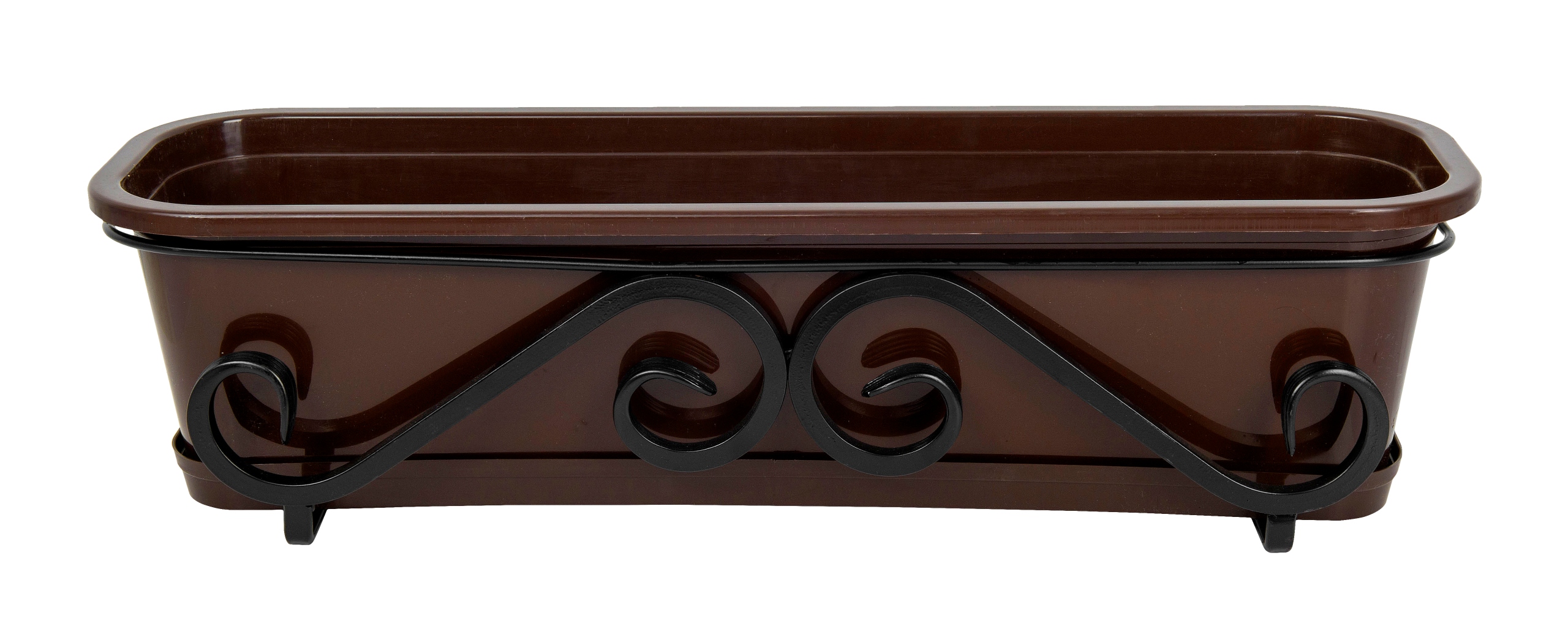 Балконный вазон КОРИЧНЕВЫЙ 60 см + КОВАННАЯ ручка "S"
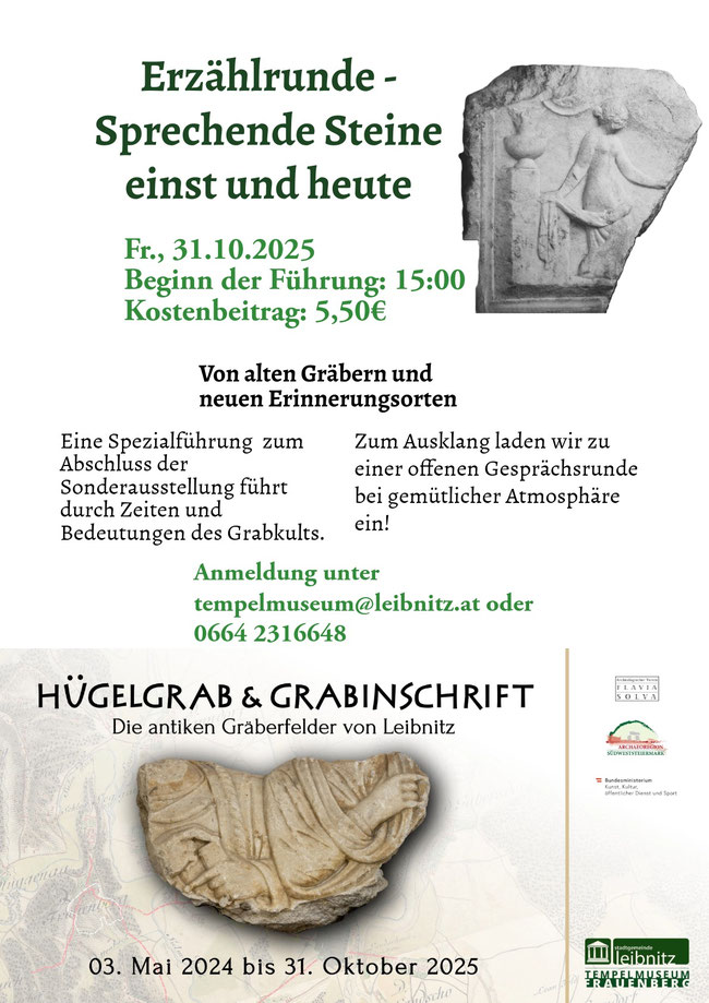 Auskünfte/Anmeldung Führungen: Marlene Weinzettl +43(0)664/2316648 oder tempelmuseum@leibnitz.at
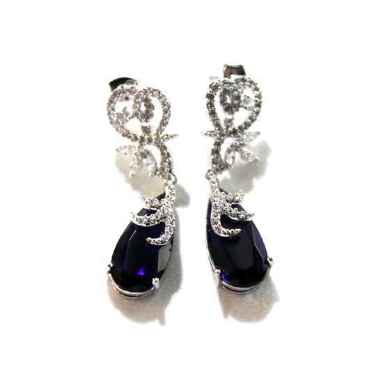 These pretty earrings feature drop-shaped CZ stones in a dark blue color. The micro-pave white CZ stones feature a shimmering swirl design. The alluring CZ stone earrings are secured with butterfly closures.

**About this task:**
Could you copy the lines above exactly and skip the images?

**Result for this exercise:**
 Балконный вазон КОРИЧНЕВЫЙ 60 см + КОВАННАЯ ручка "S"
 Auskünfte/Anmeldung Führungen: Marlene Weinzettl +43(0)664/2316648 oder tempelmuseum@leibnitz.at
 These pretty earrings feature drop-shaped CZ stones in a dark blue color. The micro-pave white CZ stones feature a shimmering swirl design. The alluring CZ stone earrings are secured with butterfly closures.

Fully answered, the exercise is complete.